> EXERCISE DESCRIPTION
Copy out the data below from the line containing "图1.波长λ=0.6 μm,焦距f=8 μm的菲涅耳波带片。" to the line containing "Pan-sear sirloin steak", both lines included, with all images left out.

> EXTRACTED DATA
┄┄┄┄┄┄

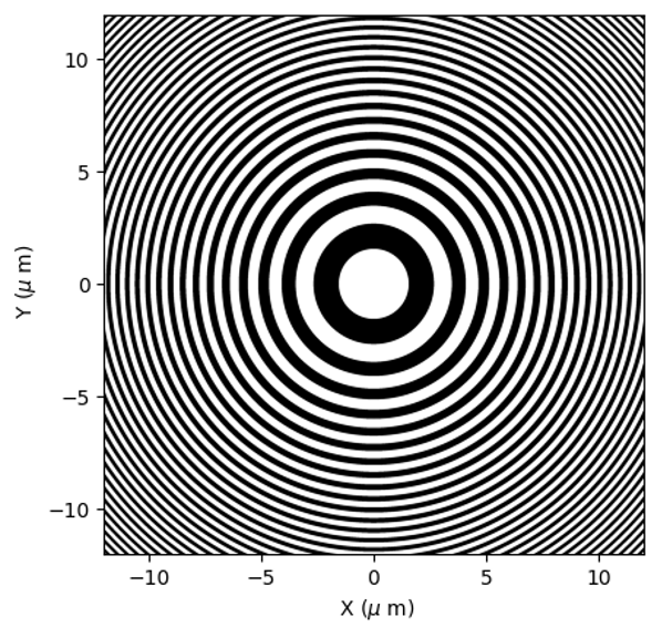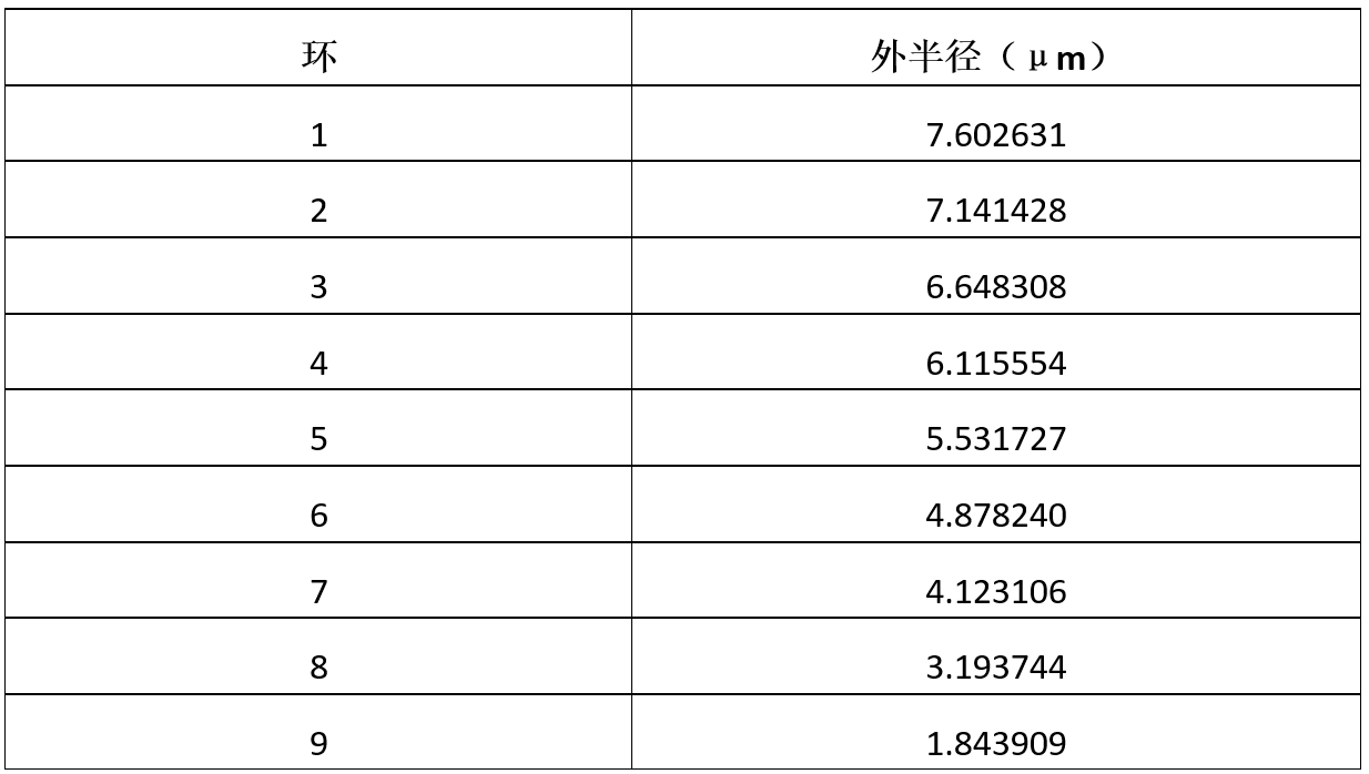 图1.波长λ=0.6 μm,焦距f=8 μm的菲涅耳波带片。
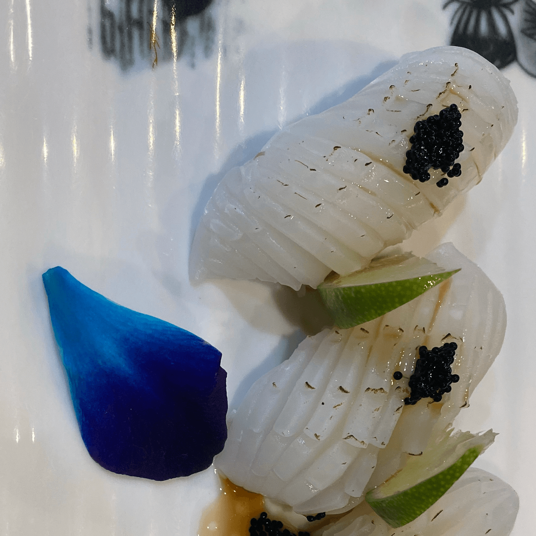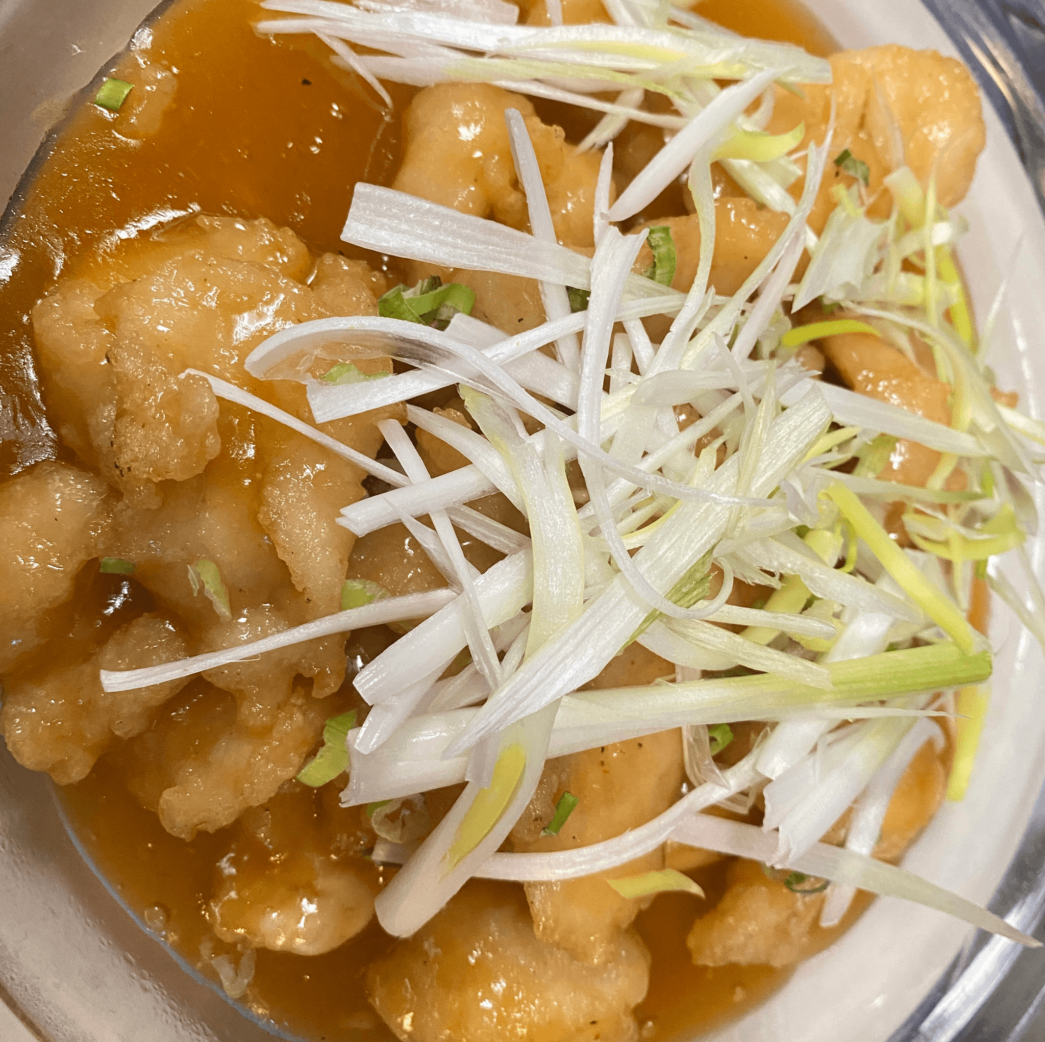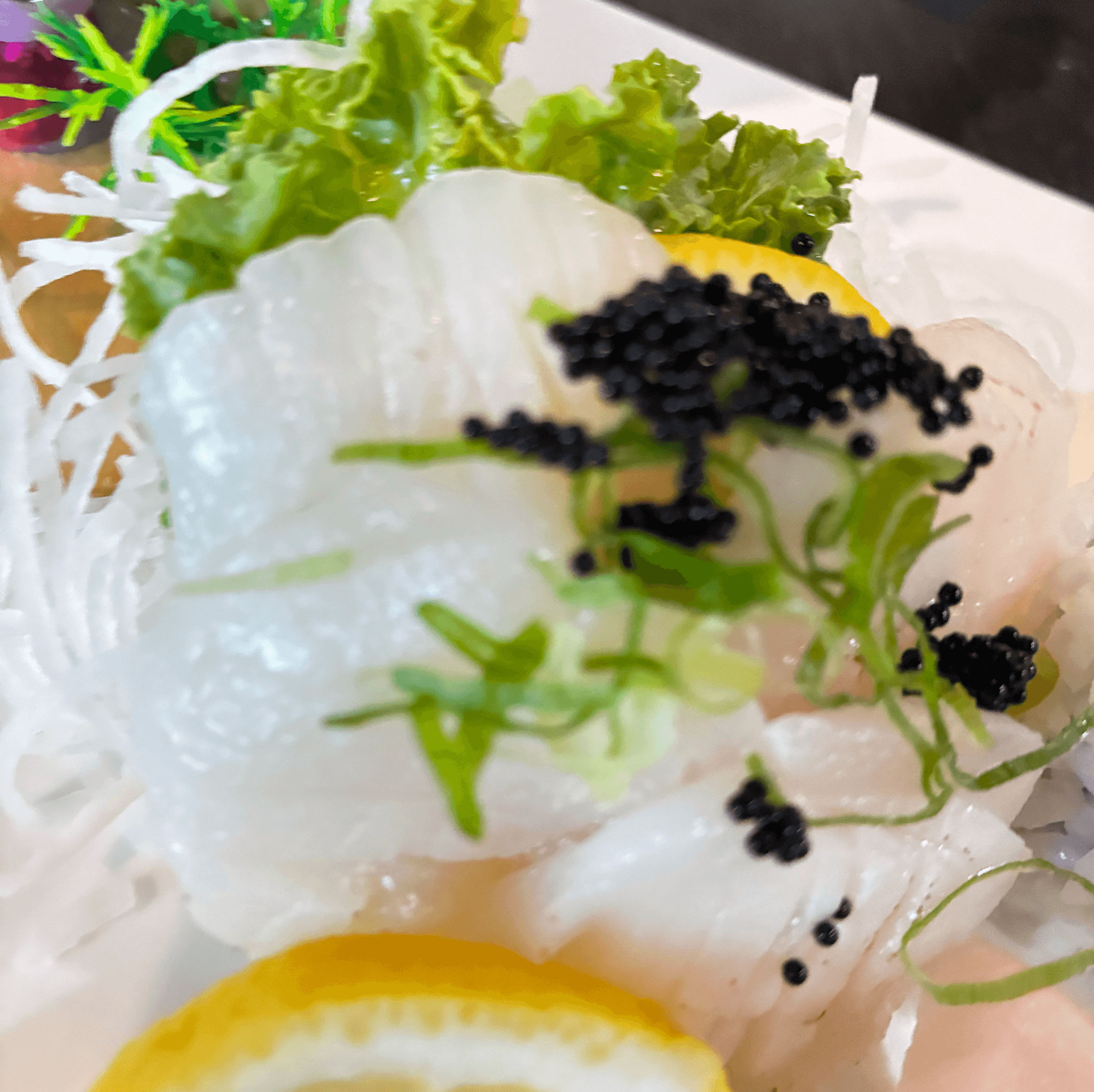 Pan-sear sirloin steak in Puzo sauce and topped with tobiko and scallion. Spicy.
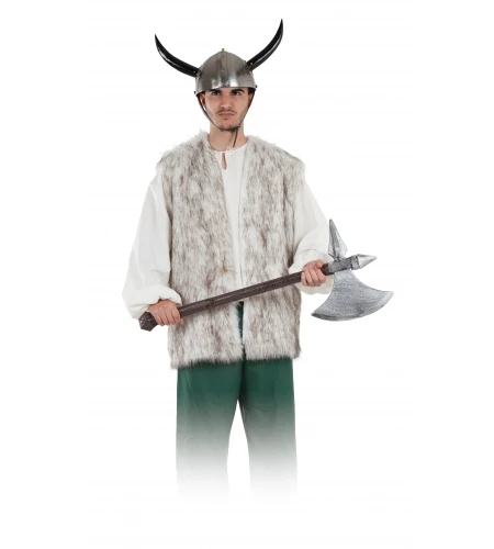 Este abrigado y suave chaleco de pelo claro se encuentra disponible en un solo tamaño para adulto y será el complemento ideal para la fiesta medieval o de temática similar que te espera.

┄┄┄┄┄┄

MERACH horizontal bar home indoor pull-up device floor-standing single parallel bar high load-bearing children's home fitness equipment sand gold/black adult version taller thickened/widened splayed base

┄┄┄┄┄┄

> OUTPUT
 图1.波长λ=0.6 μm,焦距f=8 μm的菲涅耳波带片。
 Pan-sear sirloin steak in Puzo sauce and topped with tobiko and scallion. Spicy.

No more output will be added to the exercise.